In 1987, Lau graduated from the University of Southern California, Los Angeles, with a bachelor's degree in architecture. Rather than pursuing his career as an architect, Lau followed his passion for publishing and design and founded his first creation studio in 1990. Lau was subsequently appointed creative director or co-producer of a number of artistic projects, working with McDonald's, 7-Eleven and Singapore government agencies such as the Ministry of Information, Communications and the Arts (MICA) (renamed MCI since 2012). Lau has also been co-planning regional events for organisations such as the Asia-Europe Foundation (ASEF) and is currently working with Ashoka Foundation, Washington D.C. To date, Lau founded a dozen startups in the area of publishing, retail, distribution and licensing. Recent endeavours include a musical production company based in Shanghai.

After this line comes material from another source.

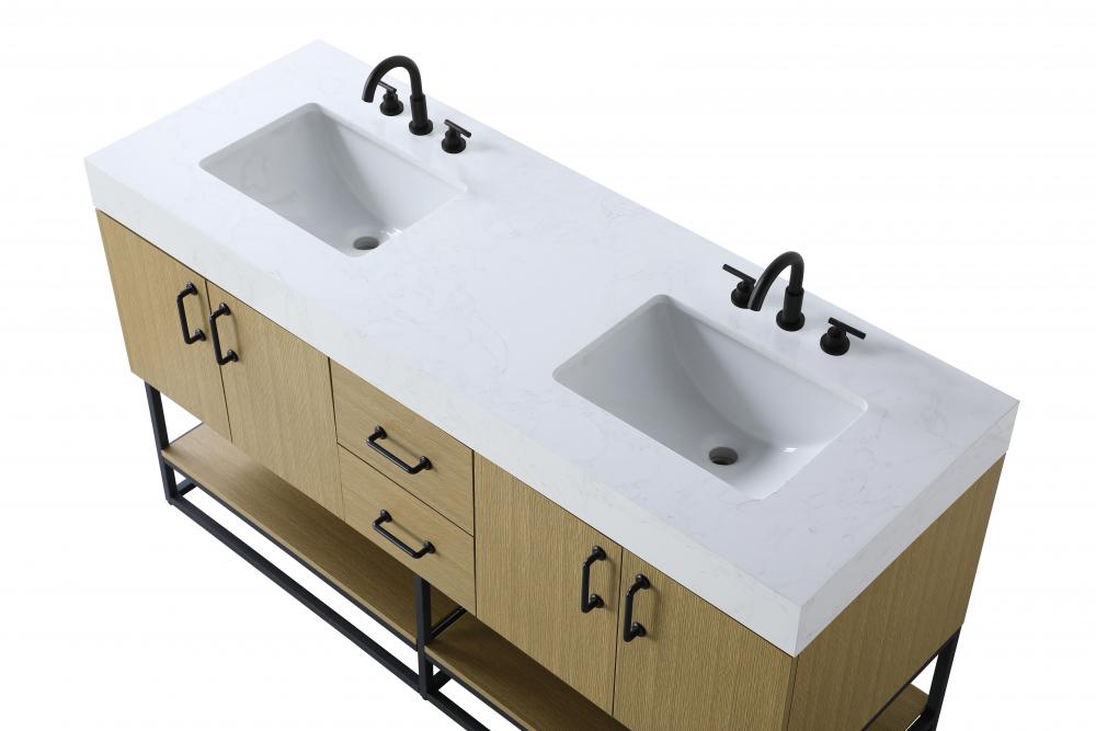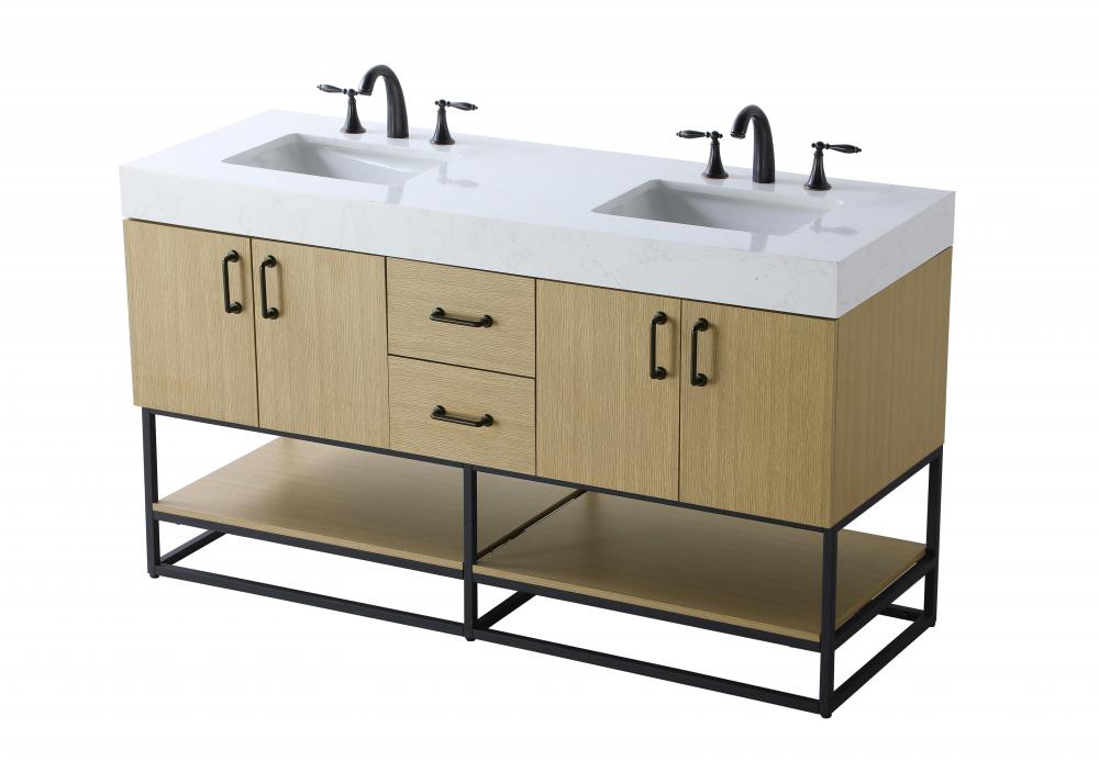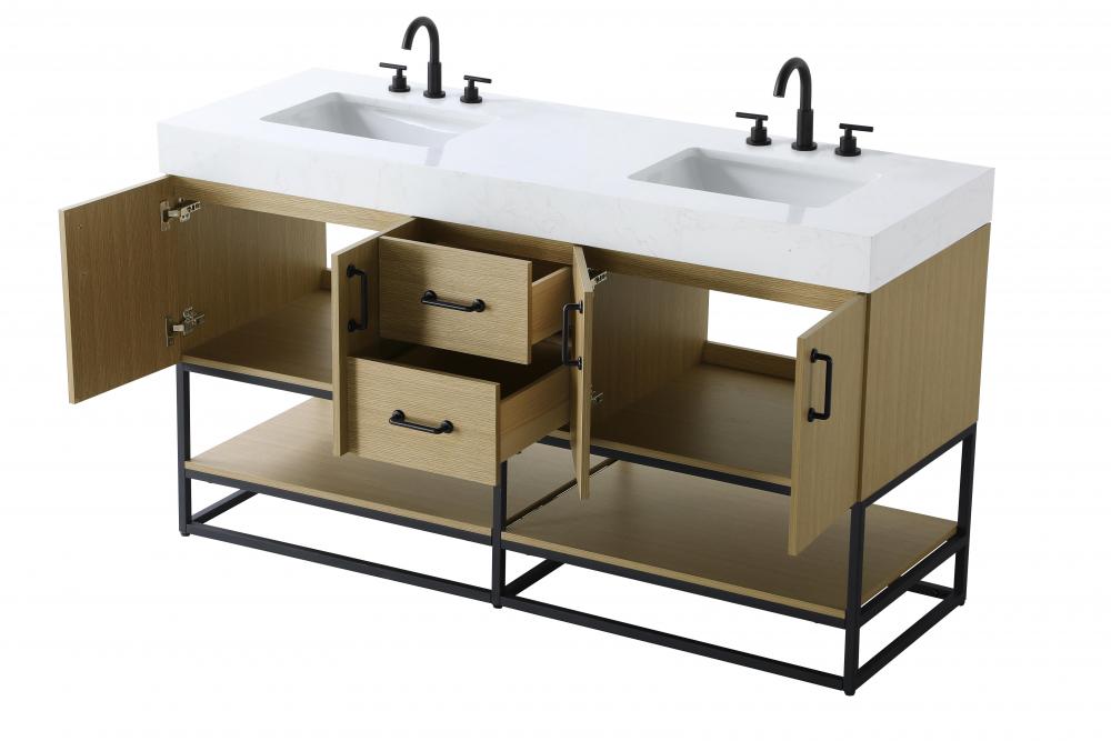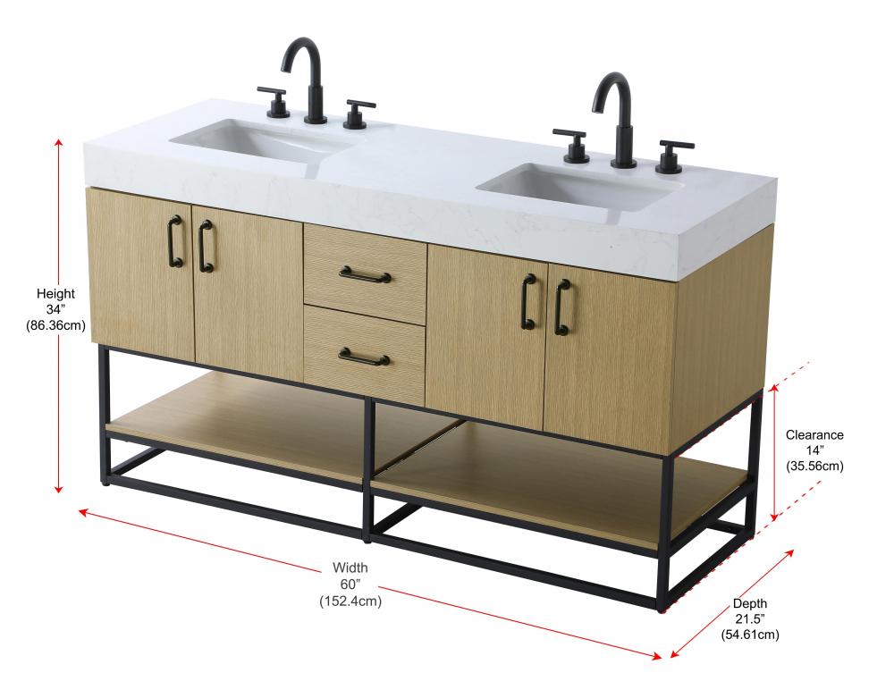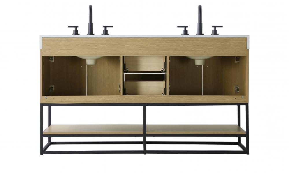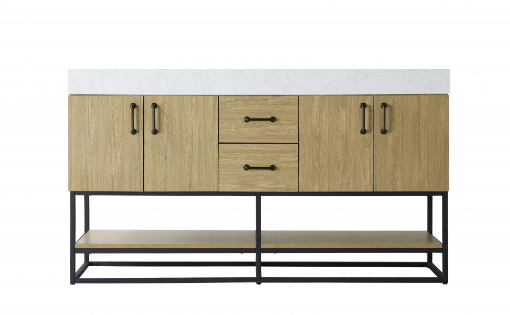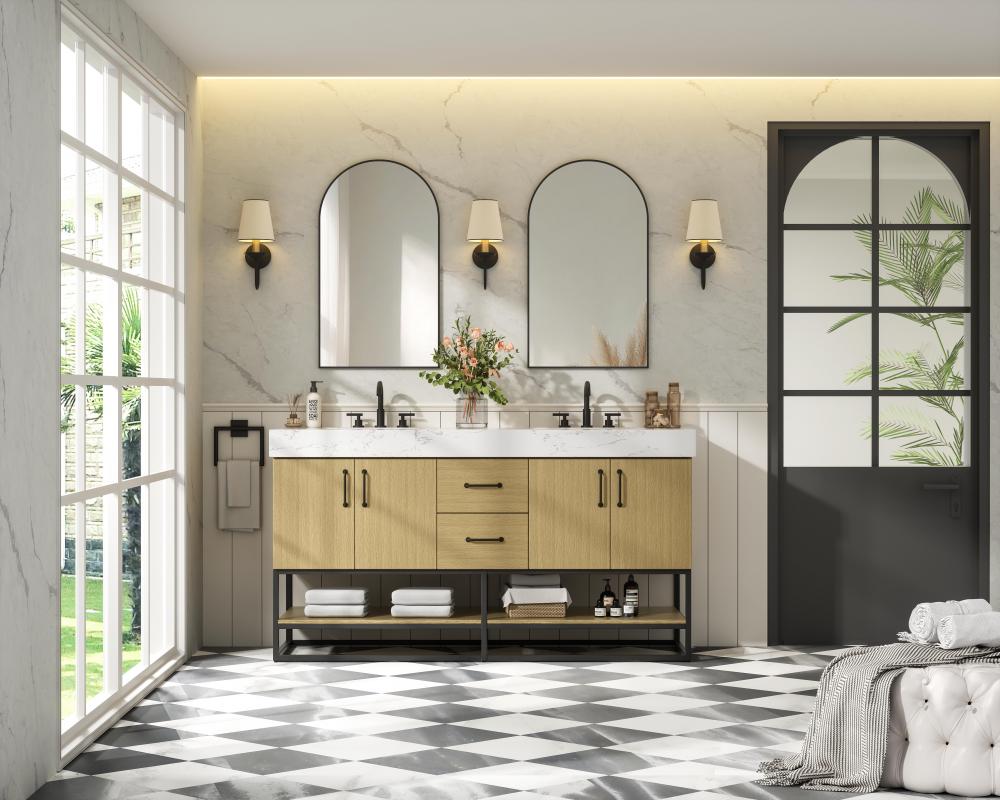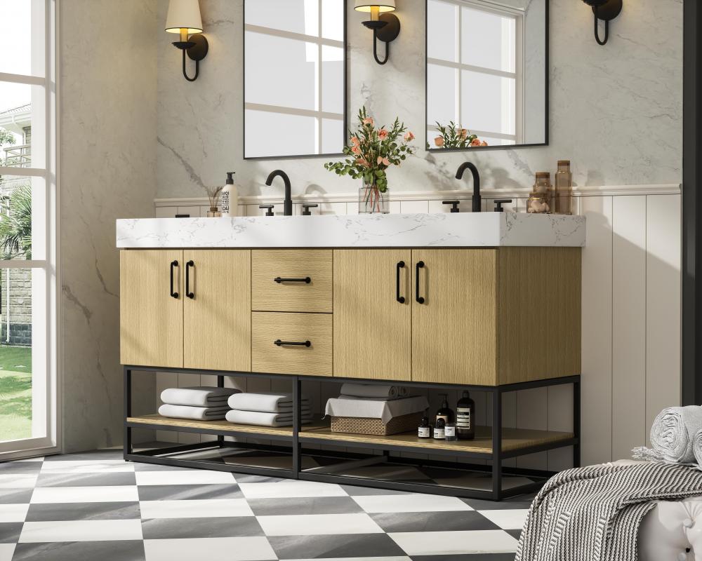Upgrade your bathroom with this stylish transitional vanity, available in five stunning finishes, from crisp white to warm honey brown, designed to suit a variety of decor styles. The minimalist flat door panels and open wood shelf create a functional yet visually appealing storage solution, while the slender black metal legs elevate the look with modern sophistication. The 4-inch thick white engineered marble countertop, accented with natural veining, adds a luxurious touch, perfectly complemented by soft-closing doors with sleek black metal bar pulls. Thoughtful details like the concealed overflow, back panel cutout for plumbing, and 3 pre-drilled holes for an 8-inch faucet make installation easy and efficient. with a porcelain sink and farmhouse-inspired touches, this vanity brings both elegance and practicality to any bathroom setting.

- In the 1990s, Lau created the character of Mr Kiasu followed by 12 comics books and a TV show.
- From 2004 to 2013, Lau served as creative director for the Gallery Hotel. He was instrumental in directing a successful range of well-received artistic events. Lau also initiated the Creative Youth Xchange Challenge promoting youth talents from the Pacific Asia region where participants were residing at the Gallery Hotel for two weeks to re-create the design of hotel rooms amongst other challenges.
- In 2009, Lau co-produced HP Space – a reality show with a Hong Kong TV star. The eight-week program recorded a wide audience with more than 20 million viewers in the Asia Pacific region.
- Since 2012, Lau has been drawing the weekly comics strip Jump Class (跳班) for Zaobao's student paper, Thumbs Up. Jump Class was planned to be produced as a TV show in 2014. In 2015, a TV series consisting of ten episodes was produced.

==Main characters ==

Mr Kiasu character originated in the eponymous Singaporean concept of kiasu. Although Mr Kiasu personified Singaporeans during the 1990s, Lau sees Kiasuism as "a cross-section of certain demographics" rather than a concept "deeply rooted in Chinese culture such as Old Master Q". Lau considers the character to be very different from his own personality, deflating the assumption that Mr Kiasu is a reflection of Lau himself. Mr Kiasu featured in advertisements for McDonald's Kiasu Burger, which sold more than a million over a period of two months. A television series starring Chew Chor Meng was also created in 2001.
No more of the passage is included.